Entries taken from a collection:
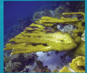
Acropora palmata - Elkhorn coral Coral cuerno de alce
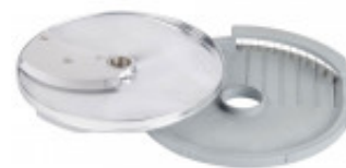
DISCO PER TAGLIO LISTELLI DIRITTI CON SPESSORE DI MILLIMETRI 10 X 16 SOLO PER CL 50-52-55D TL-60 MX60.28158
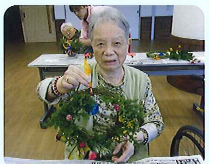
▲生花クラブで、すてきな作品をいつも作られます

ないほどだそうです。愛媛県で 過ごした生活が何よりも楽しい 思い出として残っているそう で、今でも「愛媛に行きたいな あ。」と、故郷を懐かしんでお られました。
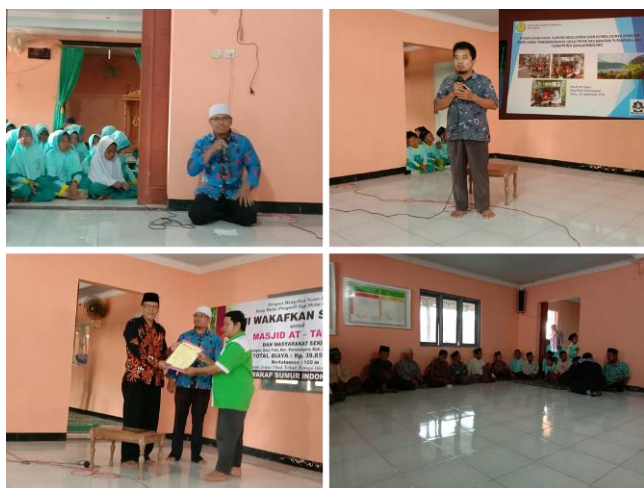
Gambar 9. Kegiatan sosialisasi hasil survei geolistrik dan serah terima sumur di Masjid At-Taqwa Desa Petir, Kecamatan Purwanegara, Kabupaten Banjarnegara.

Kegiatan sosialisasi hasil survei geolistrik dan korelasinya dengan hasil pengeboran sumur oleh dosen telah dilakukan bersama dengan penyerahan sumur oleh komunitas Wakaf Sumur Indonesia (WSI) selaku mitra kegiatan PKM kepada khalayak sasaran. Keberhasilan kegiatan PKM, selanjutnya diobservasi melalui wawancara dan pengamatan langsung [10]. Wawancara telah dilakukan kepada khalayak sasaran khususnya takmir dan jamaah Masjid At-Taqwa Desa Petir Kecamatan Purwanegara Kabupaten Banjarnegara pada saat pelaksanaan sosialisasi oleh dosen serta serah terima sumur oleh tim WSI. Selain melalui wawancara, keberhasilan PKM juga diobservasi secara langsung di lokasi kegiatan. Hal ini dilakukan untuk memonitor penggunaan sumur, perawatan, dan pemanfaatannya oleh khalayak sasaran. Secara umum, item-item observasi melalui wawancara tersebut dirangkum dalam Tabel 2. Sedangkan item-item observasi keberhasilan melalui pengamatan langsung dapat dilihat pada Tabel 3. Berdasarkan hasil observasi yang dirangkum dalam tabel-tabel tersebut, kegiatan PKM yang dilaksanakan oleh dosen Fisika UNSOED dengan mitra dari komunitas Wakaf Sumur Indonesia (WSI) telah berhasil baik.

• _WHAT IS BEING ASKED_
Each entry above is to be written out exactly. The pictures stay out.

• _YOUR RESPONSE_
Acropora palmata - Elkhorn coral Coral cuerno de alce
DISCO PER TAGLIO LISTELLI DIRITTI CON SPESSORE DI MILLIMETRI 10 X 16 SOLO PER CL 50-52-55D TL-60 MX60.28158
▲生花クラブで、すてきな作品をいつも作られます

ないほどだそうです。愛媛県で 過ごした生活が何よりも楽しい 思い出として残っているそう で、今でも「愛媛に行きたいな あ。」と、故郷を懐かしんでお られました。
Gambar 9. Kegiatan sosialisasi hasil survei geolistrik dan serah terima sumur di Masjid At-Taqwa Desa Petir, Kecamatan Purwanegara, Kabupaten Banjarnegara.

Kegiatan sosialisasi hasil survei geolistrik dan korelasinya dengan hasil pengeboran sumur oleh dosen telah dilakukan bersama dengan penyerahan sumur oleh komunitas Wakaf Sumur Indonesia (WSI) selaku mitra kegiatan PKM kepada khalayak sasaran. Keberhasilan kegiatan PKM, selanjutnya diobservasi melalui wawancara dan pengamatan langsung [10]. Wawancara telah dilakukan kepada khalayak sasaran khususnya takmir dan jamaah Masjid At-Taqwa Desa Petir Kecamatan Purwanegara Kabupaten Banjarnegara pada saat pelaksanaan sosialisasi oleh dosen serta serah terima sumur oleh tim WSI. Selain melalui wawancara, keberhasilan PKM juga diobservasi secara langsung di lokasi kegiatan. Hal ini dilakukan untuk memonitor penggunaan sumur, perawatan, dan pemanfaatannya oleh khalayak sasaran. Secara umum, item-item observasi melalui wawancara tersebut dirangkum dalam Tabel 2. Sedangkan item-item observasi keberhasilan melalui pengamatan langsung dapat dilihat pada Tabel 3. Berdasarkan hasil observasi yang dirangkum dalam tabel-tabel tersebut, kegiatan PKM yang dilaksanakan oleh dosen Fisika UNSOED dengan mitra dari komunitas Wakaf Sumur Indonesia (WSI) telah berhasil baik.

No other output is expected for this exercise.